- Task requirements:
Beginning with the line that contains "Industrial Fabrication Service" and ending with the last line of the records, write out each line exactly and omit the pictures.

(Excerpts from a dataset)
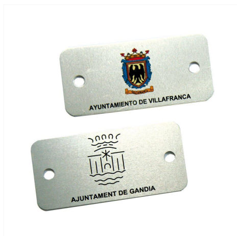
Aluminium plate 74 x 35 mm.
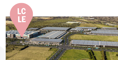
LOGOS Craigieburn Logistics Estate
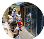
STUDENT + COMMUNITY DESIGN BUILD
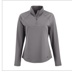
Elemental Grey (LCK00225-EG)
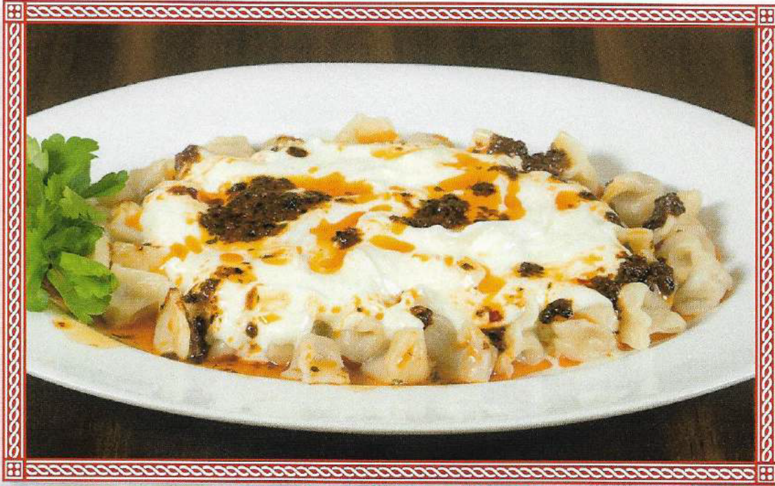
Manti (Turkse ravioli)
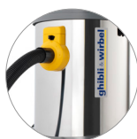
Stainless steel container sturdy and durable
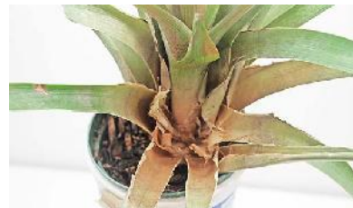
PHOTO 2 - Pup base revealed

STEP 2 - Strip the parental leaves that are covering the pup by separating them in the center lengthwise. You will then be able to visualize the entire base of the pup, as shown in Photo 2, right.
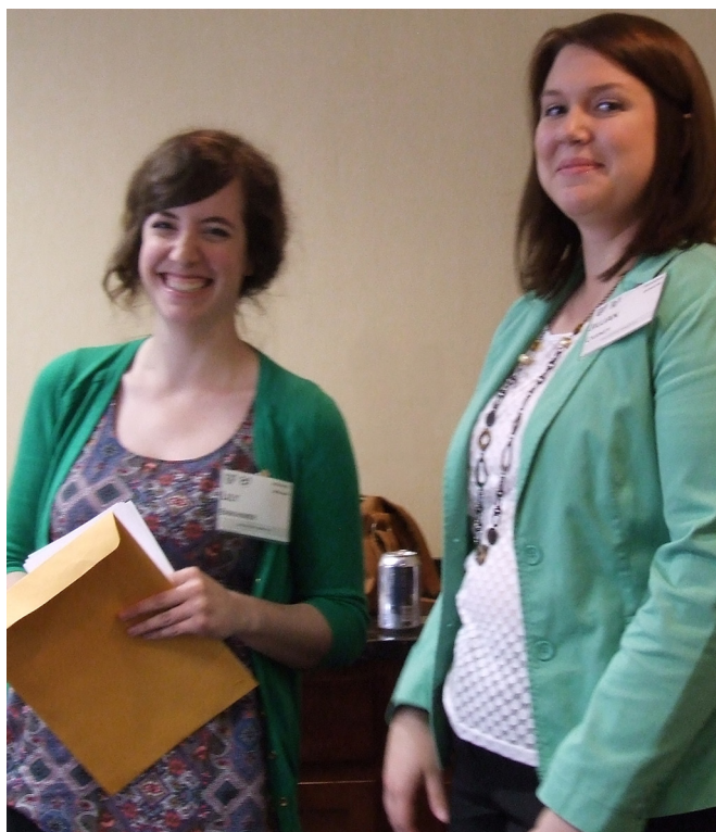
The Alliance's regional meetings kick off March 15. Regional meetings are a great place to connect with friends, learn new skills, and visit new places.

The Region 3 meeting is hosted by the Bedford Historical Society and Museum —while the meeting will be in the 1892 Old Baptist Church, we'll also be welcomed into the rest of their National Register
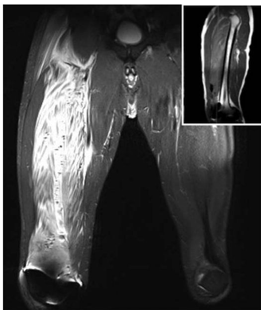
Figure 1. Coronal view MRI STIR T2, increased signal over the VIM. The vastus lateralis and the adductor muscles are not compromised. The blurred image seen on the right knee is due to magnetic interference. MRI = magnetic resonance imaging, VIM = vastus intermedius muscle.
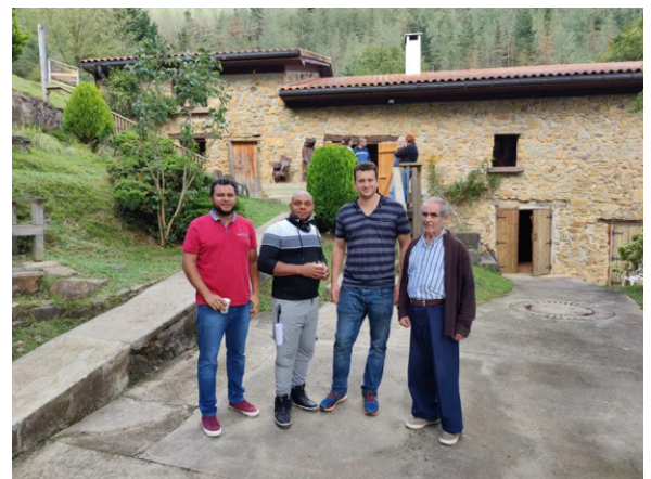
Me with 3 church members at a regional Bible study (Intensive Institute)
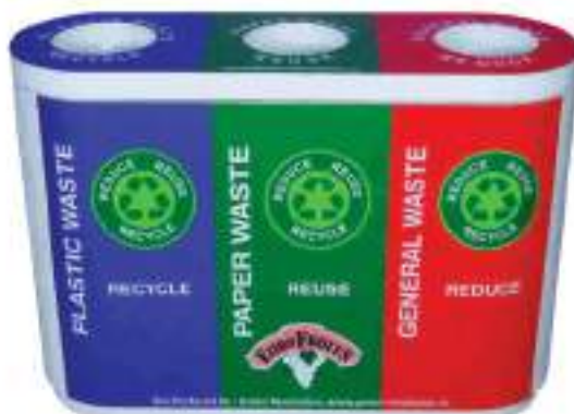
SS Dustbin Duo 60L x 3
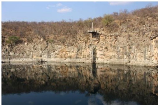
Figure 6: Guinas lake
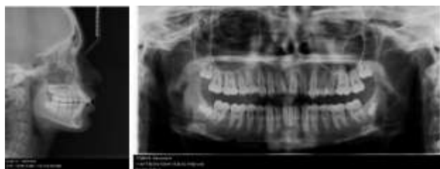
Fig. 4: Pretreatment radiographs

Cephalometric analysis (Fig. 4) revealed a convex skeletal profile with ANB angle of 5°, a retruded mandible, and a well-positioned maxilla. Dentoalveolar readings suggested proclined upper anterior teeth while the lower incisors were properly inclined. The panoramic radiograph revealed the presence of all permanent teeth with erupting third molars.
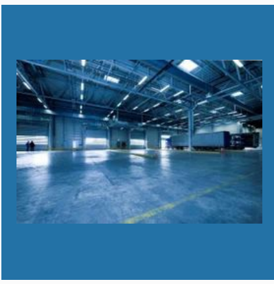
Industrial Fabrication Service
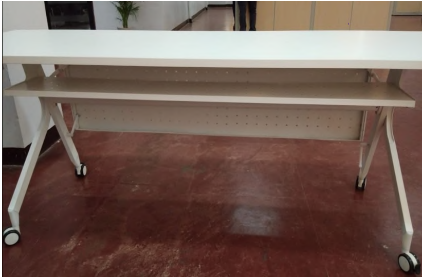
Item # 1
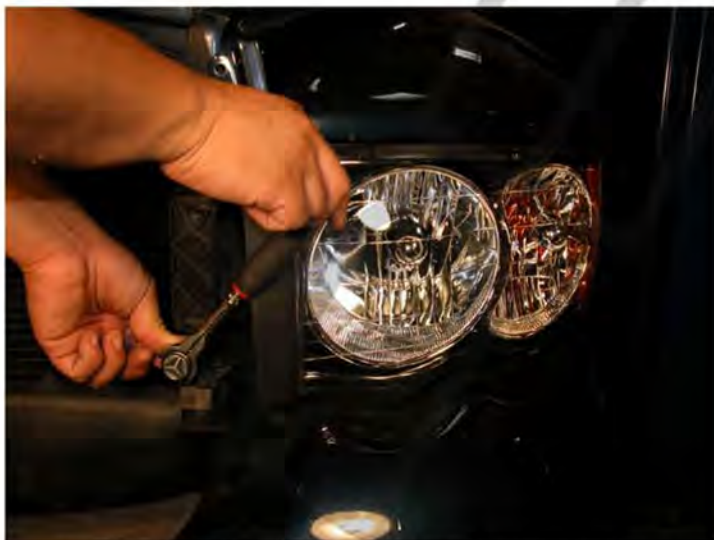
3. Then remove the two 10 mm bolts from the headlight

- Written solution:
Industrial Fabrication Service
Item # 1
3. Then remove the two 10 mm bolts from the headlight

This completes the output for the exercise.